Start of The input

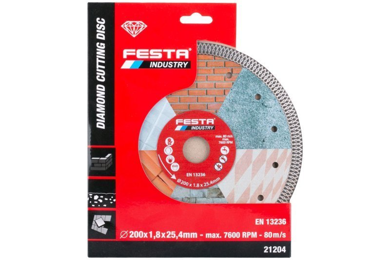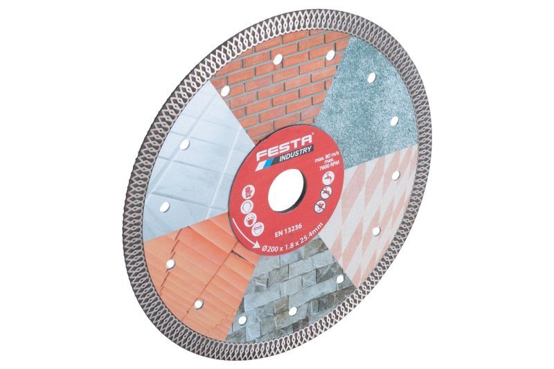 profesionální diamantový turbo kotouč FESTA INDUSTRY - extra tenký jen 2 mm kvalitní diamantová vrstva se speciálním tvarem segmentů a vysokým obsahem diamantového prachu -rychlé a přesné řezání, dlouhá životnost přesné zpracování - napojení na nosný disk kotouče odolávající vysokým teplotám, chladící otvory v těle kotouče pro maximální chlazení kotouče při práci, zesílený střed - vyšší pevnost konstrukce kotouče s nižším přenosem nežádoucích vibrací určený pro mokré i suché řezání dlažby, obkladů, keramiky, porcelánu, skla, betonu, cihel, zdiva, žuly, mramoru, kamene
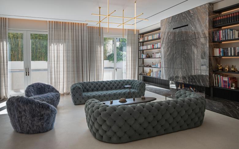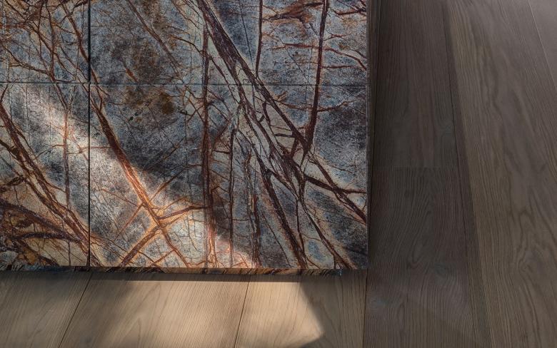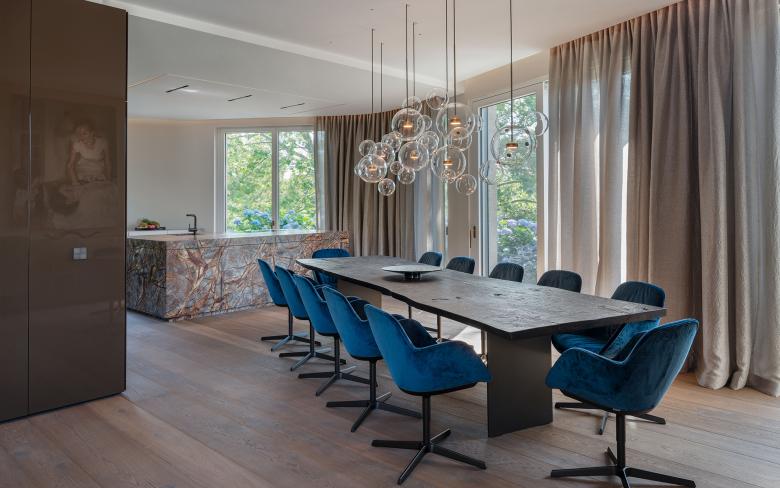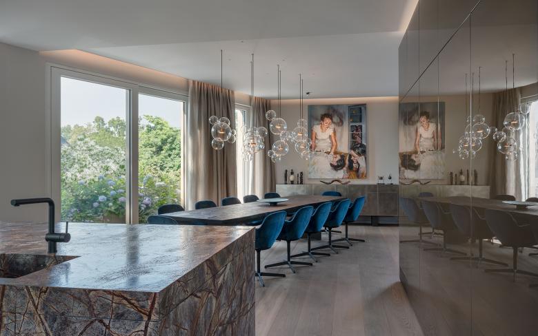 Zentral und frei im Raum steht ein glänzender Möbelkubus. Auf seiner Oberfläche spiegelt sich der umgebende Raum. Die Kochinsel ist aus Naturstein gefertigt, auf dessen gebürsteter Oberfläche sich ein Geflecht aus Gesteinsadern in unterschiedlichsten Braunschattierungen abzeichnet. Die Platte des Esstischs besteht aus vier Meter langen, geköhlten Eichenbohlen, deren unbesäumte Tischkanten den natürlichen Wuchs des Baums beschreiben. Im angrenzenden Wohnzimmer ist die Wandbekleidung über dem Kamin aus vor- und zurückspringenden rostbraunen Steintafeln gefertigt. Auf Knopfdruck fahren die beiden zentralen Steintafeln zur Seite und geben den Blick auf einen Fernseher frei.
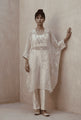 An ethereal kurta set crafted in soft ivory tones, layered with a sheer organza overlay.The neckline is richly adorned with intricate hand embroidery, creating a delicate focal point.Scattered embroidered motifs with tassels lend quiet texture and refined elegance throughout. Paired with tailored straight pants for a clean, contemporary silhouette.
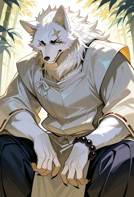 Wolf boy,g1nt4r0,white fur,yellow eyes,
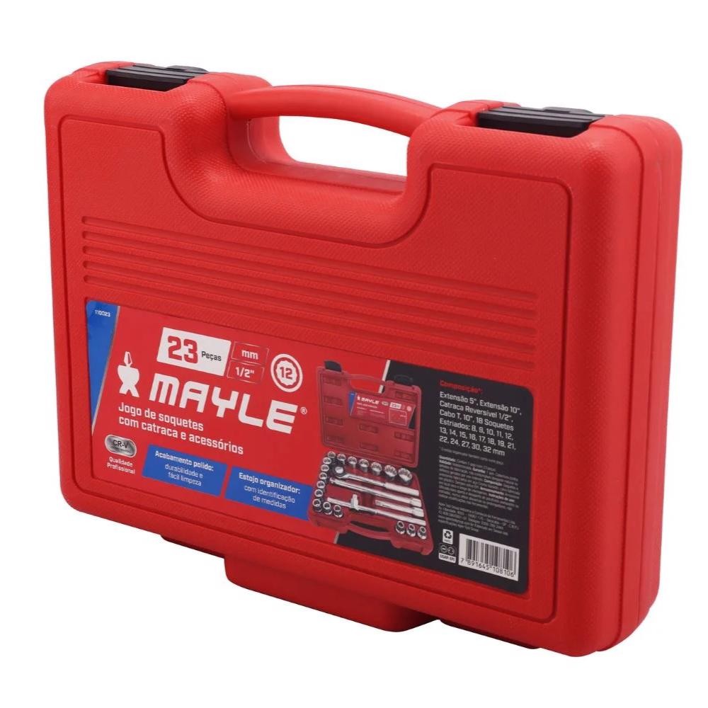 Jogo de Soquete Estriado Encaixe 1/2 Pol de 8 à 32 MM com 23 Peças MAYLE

End of The input

• **Problem to work on**
Copy all the entries word for word. Omit any pictures.

• **Result of this exercise**
 profesionální diamantový turbo kotouč FESTA INDUSTRY - extra tenký jen 2 mm kvalitní diamantová vrstva se speciálním tvarem segmentů a vysokým obsahem diamantového prachu -rychlé a přesné řezání, dlouhá životnost přesné zpracování - napojení na nosný disk kotouče odolávající vysokým teplotám, chladící otvory v těle kotouče pro maximální chlazení kotouče při práci, zesílený střed - vyšší pevnost konstrukce kotouče s nižším přenosem nežádoucích vibrací určený pro mokré i suché řezání dlažby, obkladů, keramiky, porcelánu, skla, betonu, cihel, zdiva, žuly, mramoru, kamene
 Zentral und frei im Raum steht ein glänzender Möbelkubus. Auf seiner Oberfläche spiegelt sich der umgebende Raum. Die Kochinsel ist aus Naturstein gefertigt, auf dessen gebürsteter Oberfläche sich ein Geflecht aus Gesteinsadern in unterschiedlichsten Braunschattierungen abzeichnet. Die Platte des Esstischs besteht aus vier Meter langen, geköhlten Eichenbohlen, deren unbesäumte Tischkanten den natürlichen Wuchs des Baums beschreiben. Im angrenzenden Wohnzimmer ist die Wandbekleidung über dem Kamin aus vor- und zurückspringenden rostbraunen Steintafeln gefertigt. Auf Knopfdruck fahren die beiden zentralen Steintafeln zur Seite und geben den Blick auf einen Fernseher frei.
 An ethereal kurta set crafted in soft ivory tones, layered with a sheer organza overlay.The neckline is richly adorned with intricate hand embroidery, creating a delicate focal point.Scattered embroidered motifs with tassels lend quiet texture and refined elegance throughout. Paired with tailored straight pants for a clean, contemporary silhouette.
 Wolf boy,g1nt4r0,white fur,yellow eyes,
 Jogo de Soquete Estriado Encaixe 1/2 Pol de 8 à 32 MM com 23 Peças MAYLE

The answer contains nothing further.